ABSTRACT
This study analyses the dynamic spillovers across 10 Dow Jones Islamic and conventional sector index pairs. Using various multivariate GARCH models, the results show significant time-varying conditional correlations for all the pairs. Moreover, there is evidence that the conditional correlations for all the sector pairs, except those of the Telecommunication and Utilities sectors, increase after the onset of the global financial crisis (GFC), suggesting non-subsiding risks, contagion effects and gradual greater financial linkages. The Islamic sectors’ risk exposure can be effectively hedged over time in diversified portfolios containing conventional sector stocks.
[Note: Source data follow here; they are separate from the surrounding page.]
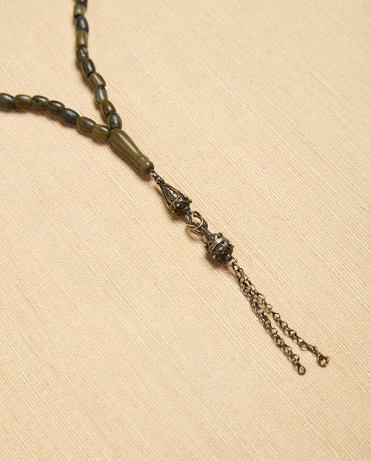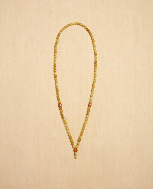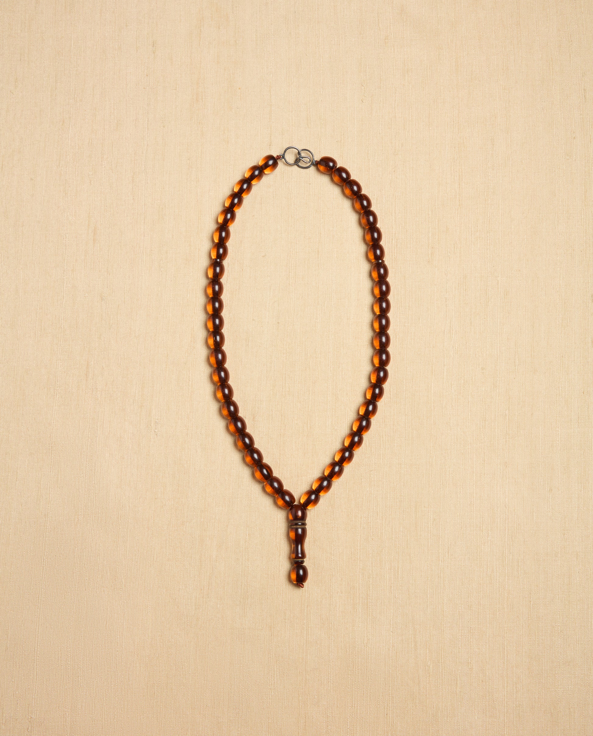 The Ancora collection comprises 25 refurbished tasbih prayer beads collected throughout the Levant - from Cairo to Istanbul. This collar features beads in deep amber colored resin with a circular silver clasp.
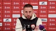 LIVERPOOL, ENGLAND - JANUARY 12: Conor Hourihane, manager of Barnsley, speaks on developing young players after their FA cup match against Liverpool during a press conference at Anfield on January 12, 2026 in Liverpool, England. (Footage by Niche Sport Media via Getty Images)
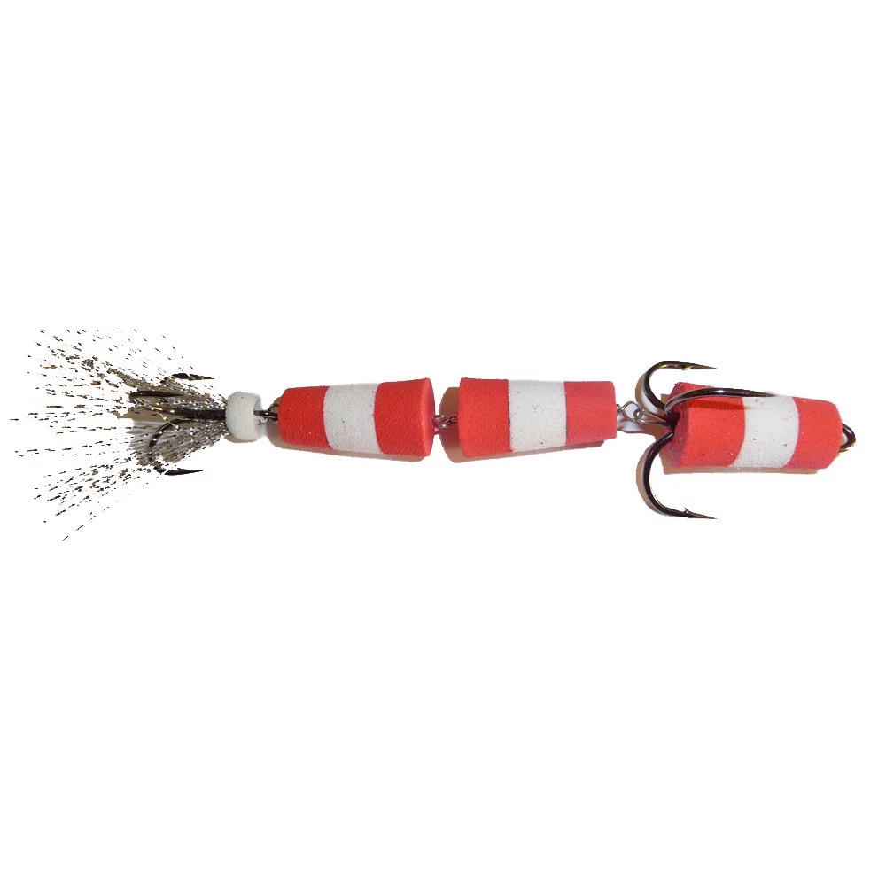 Модель №130 – 3-х-секционная приманка с двумя тройниками, предназначенная в первую очередь для судака, когда он предпочитает некоего «червячка». Отличается она и игрой – виляет хвостиком, что особенно заметно при медленной проводке. Практика показала, что и крупная щука также не прочь полакомиться приманкой несколько большего размера. Применяется в незакоряженных водоемах. Тройники №1/0 Kumho и №4 Sung-Woon (Корея).
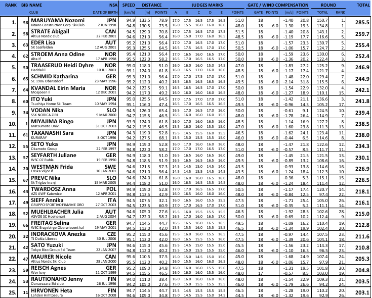Ein vollkommen souveräner Sieg der Japanerin Maruyama. Die deutschen eher durchwachsen. Auch Nika Prevc nur im Mittelfeld.
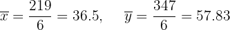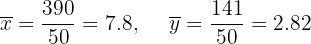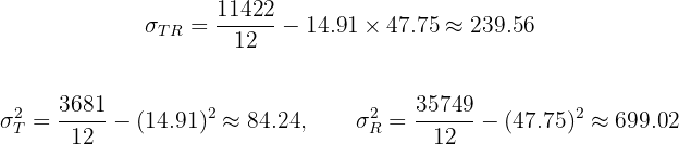 Agora calculamos as médias, a covariância e os desvios padrão:
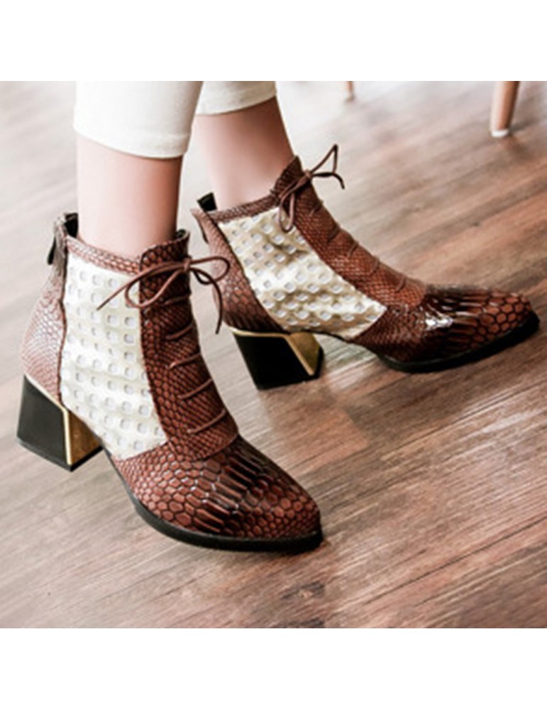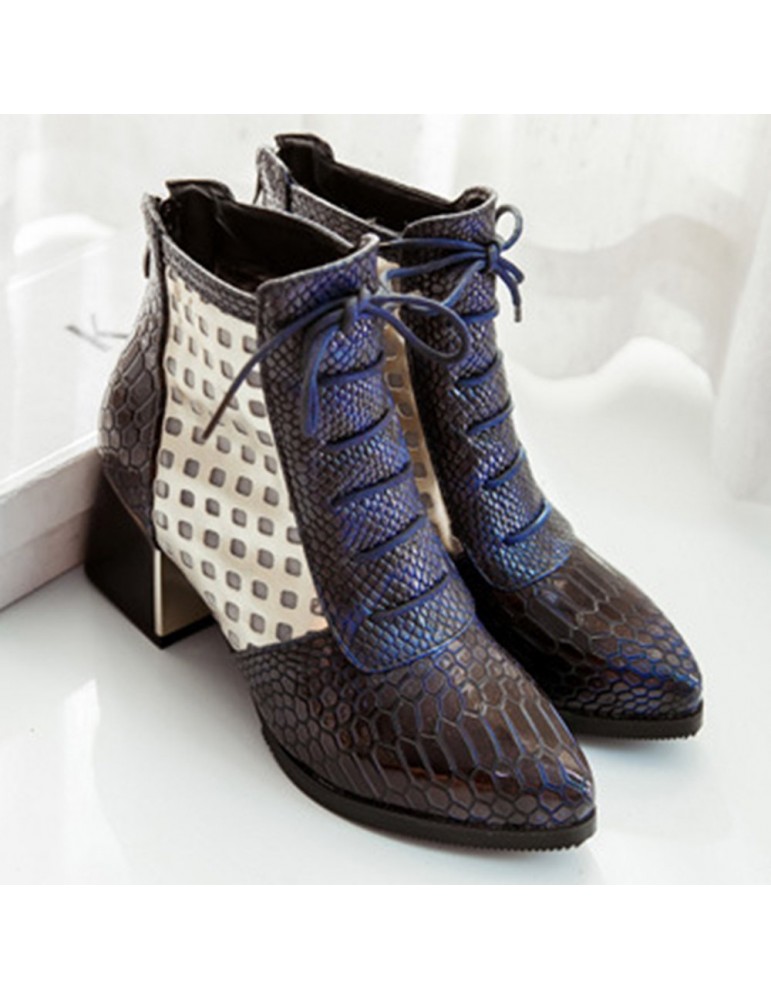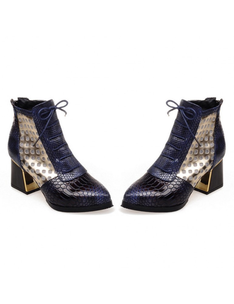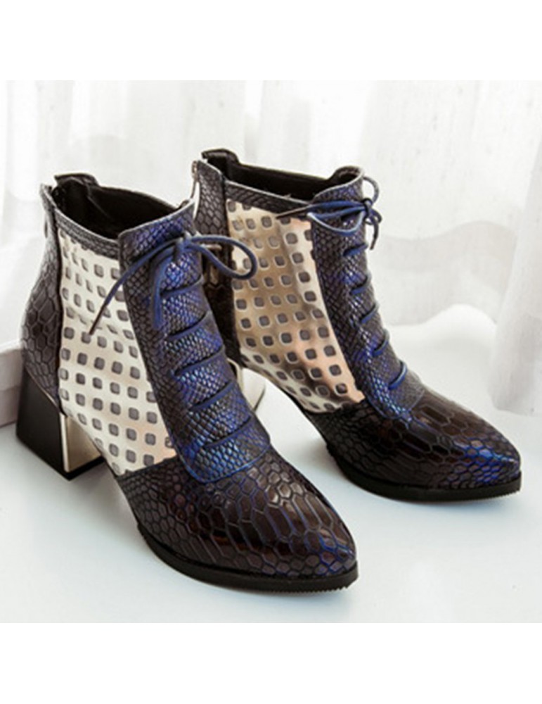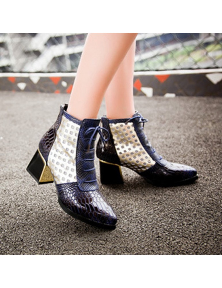 Snakeskin Patent Leather Hollow Square Heel Boots

These results provide several practical implications for portfolio managers and policymakers in regard to optimal asset allocations, portfolio risk management and the diversification benefits among these markets.
Disclosure statement
No potential conflict of interest was reported by the authors.
Notes
1 The Islamic industry screens are designed to prohibit certain economic activities such as alcohol, pork-related products, conventional financial services, entertainment, tobacco, weapons and defence. The financial ratio screens stipulate that the total debt divided by the trailing 24-month average market capitalization, sum of a company’s cash and interest-bearing securities divided by the trailing 24-month average market capitalization and accounts receivables divided by trailing 24-month average market capitalization should be less than 33% for all three ratios.
2 For the theoretical explanation on asymmetry or the leverage effect, see Black (Citation1976), Christie (Citation1982), Poterba and Summers (Citation1986) and Campbell and Hentschel (Citation1992).